CUSTOMIZABLE CHIP FOR AI APPLICATIONS - A simplified explanation of the abstract

This abstract first appeared for US patent application 20240273335 titled 'CUSTOMIZABLE CHIP FOR AI APPLICATIONS

Simplified Explanation: This patent application describes a computing device that includes a programmable logic device implementing a convolutional neural network, where each compute block of the device corresponds to a convolutional layer of the network.

Key Features and Innovation:

  • Computing device with a programmable logic device implementing a convolutional neural network.
  • Each compute block corresponds to a convolutional layer of the network.
  • Memory blocks store data and parameters for each layer of the network.

Potential Applications: This technology can be used in various fields such as image recognition, natural language processing, and autonomous vehicles.

Problems Solved: This technology addresses the need for efficient and optimized implementation of convolutional neural networks in computing devices.

Benefits:

  • Improved performance and accuracy in tasks such as image recognition.
  • Efficient use of resources in implementing convolutional neural networks.
  • Flexibility to adapt to different network architectures.

Commercial Applications: This technology has potential commercial applications in industries such as healthcare, security, and manufacturing where image recognition and data analysis are crucial.

Questions about Convolutional Neural Networks: 1. How does this technology improve the efficiency of implementing convolutional neural networks? 2. What are the key advantages of using a programmable logic device for implementing convolutional neural networks?

Frequently Updated Research: Stay updated on the latest advancements in convolutional neural networks and their applications in various industries to leverage the full potential of this technology.

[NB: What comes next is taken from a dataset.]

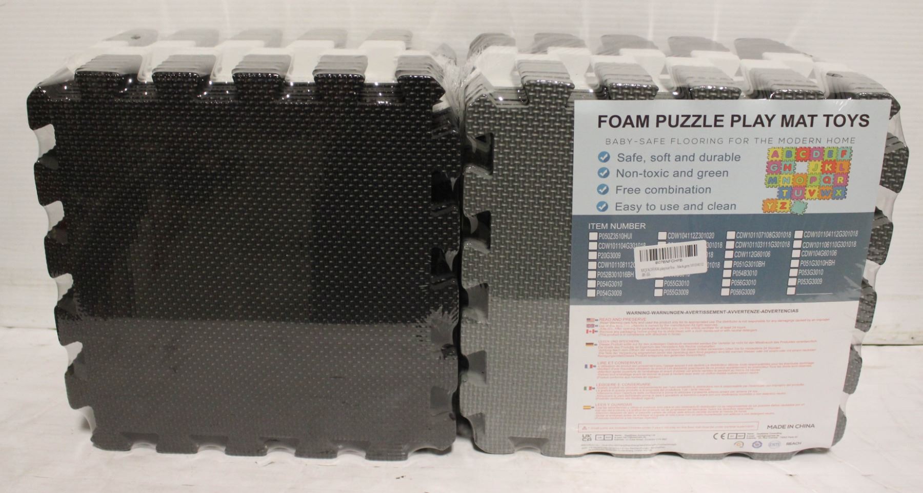 EXERCISE, YOGA. BLACK, WHITE AND GREY. 18 TILES THE PLAYMAT COVER AREA OF 35" X 69" (87CM X 172CM). THE THICKNESS IS 0.4" (1CM).

Original Abstract Submitted

in one embodiment, a computing device includes an input sensor providing an input data; a programmable logic device (pld) implementing a convolutional neural network (cnn), wherein: each compute block of the pld corresponds to one of a multiple of convolutional layers of the cnn, each compute block of the pld is placed in proximity to at least two memory blocks, a first one of the memory blocks serves as a buffer for the corresponding layer of the cnn, and a second one of the memory blocks stores model-specific parameters for the corresponding layer of the cnn.